Stored items
=== Begin Enclosure ===

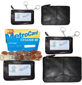 Leather Change Purse Mini Pocket Wallet business card case key Ring #33 Lot of 2.
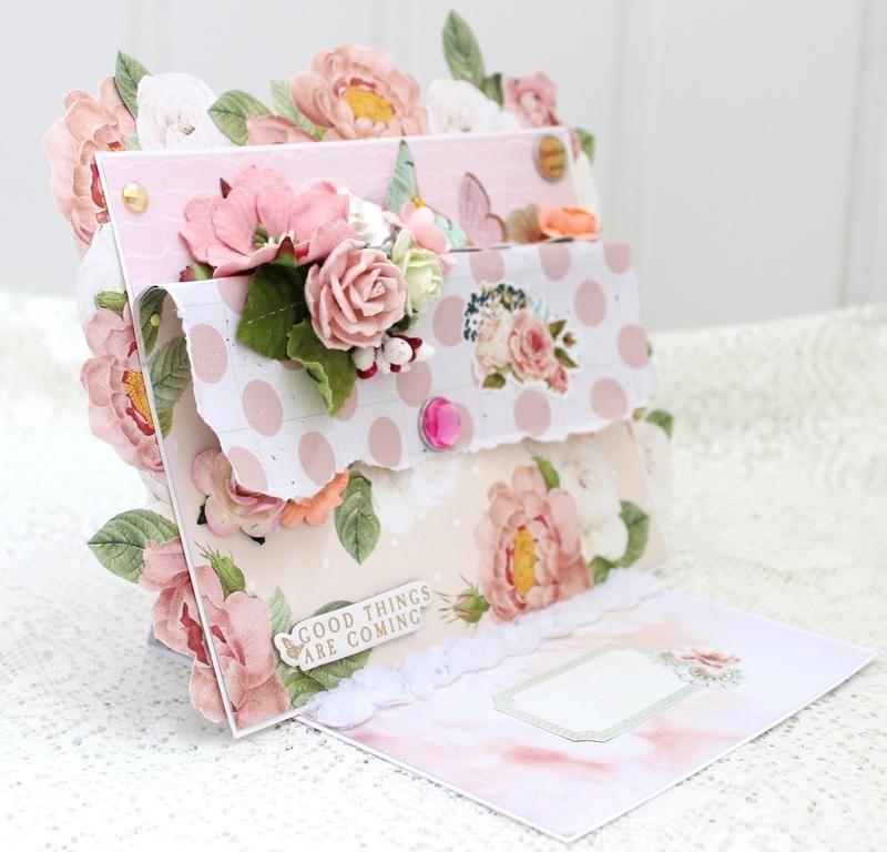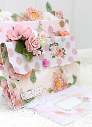 Велика розкладається квіткова листівка ручної роботи з об'ємною квітковою композицією і різними прикрасами. Розмір листівки 17х23.
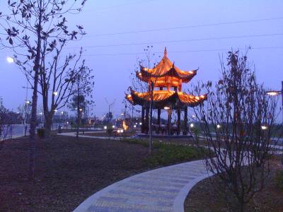 7月12日,人们在今年新建成的云梦县东城区“黄香大道”景观带看夜景,众多游人来此散步、跳舞、游玩!
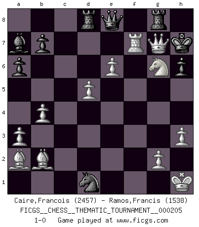 Last move : 1-0 2016 March 14 14:55:45 [Event "FICGS__CHESS__THEMATIC_TOURNAMENT__000205"] [Site "FICGS"] [Date "2016.01.16"] [Round "1"] [White "Caire,Francois"] [Black "Ramos,Francis"] [Result "1-0"] [WhiteElo "2457"] [BlackElo "1538"] 1.f4 d5 2.c4 e5 3.fxe5 dxc4 4.e3 Nc6 5.Nf3 Bc5 6.Bxc4 Nge7 7.O-O O-O 8.d4 Bb6 9.Nc3 Bg4 10.h3 Bh5 11.a3 a6 12.Ba2 Kh8 13.Qe1 Nd5 14.Nxd5 Ba7 15.Nf4 Bg6 16.Nxg6+ fxg6 17.b4 Qe7 18.Bb2 Rad8 19.Kh1 h6 20.e6 Qe8 21.d5 Ne7 22.Qc3 Rg8 23.e4 c6 24.Rad1 cxd5 25.exd5 Nf5 26.Ne5 Ne3 27.Rf7 Nxd1 28.Nxg6+ Kh7 29.Qxg7+ 1-0 Mujannah Opening Kingside Castling by player White (move 7) Kingside Castling by player Black (move 7) Player White won this chess game. Follow this game move after move (download)After black's reply to 1.e4 with 1..e5, leaves him always trying to get into the game. (Howard Staunton) Spiel ein langweiliges Spiel zu Ende und lustige Dinge können passieren. (Hans Ree) En la vida, como en el Ajedrez, los Peones propios obstruyen nuestro camino. La gran fortuna de un hombre, su comodidad, placer, hijos, libros, que deberían ayudarle a ganar, con mucha frecuencia lo ponen en Jaque Mate. (Charles Buxton) La tactique, c'est ce que vous faites quand il y a quelque chose à faire; la stratégie, c'est ce que vous faites quand il n'y a rien à faire. (Savielli Tartacower) It is not enough to be a good player... you must also play well. (Siegbert Tarrasch)
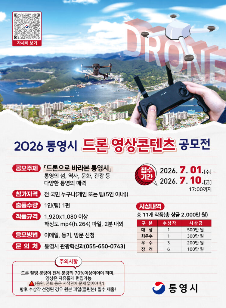경상남도 통영시에서 “드론으로 바라본 통영시”를 주제로 「2026 통영시 드론 영상콘텐츠 공모전」을 개최합니다. 학생분들의 많은 관심 부탁드립니다.

=== End Enclosure ===

This exercise asks for an exact copy of the lines from the first one in the data through the line that contains "7月12日,人们在今年新建成", pictures excluded.

## [YOUR SOLUTION]
 Leather Change Purse Mini Pocket Wallet business card case key Ring #33 Lot of 2.
 Велика розкладається квіткова листівка ручної роботи з об'ємною квітковою композицією і різними прикрасами. Розмір листівки 17х23.
 7月12日,人们在今年新建成的云梦县东城区“黄香大道”景观带看夜景,众多游人来此散步、跳舞、游玩!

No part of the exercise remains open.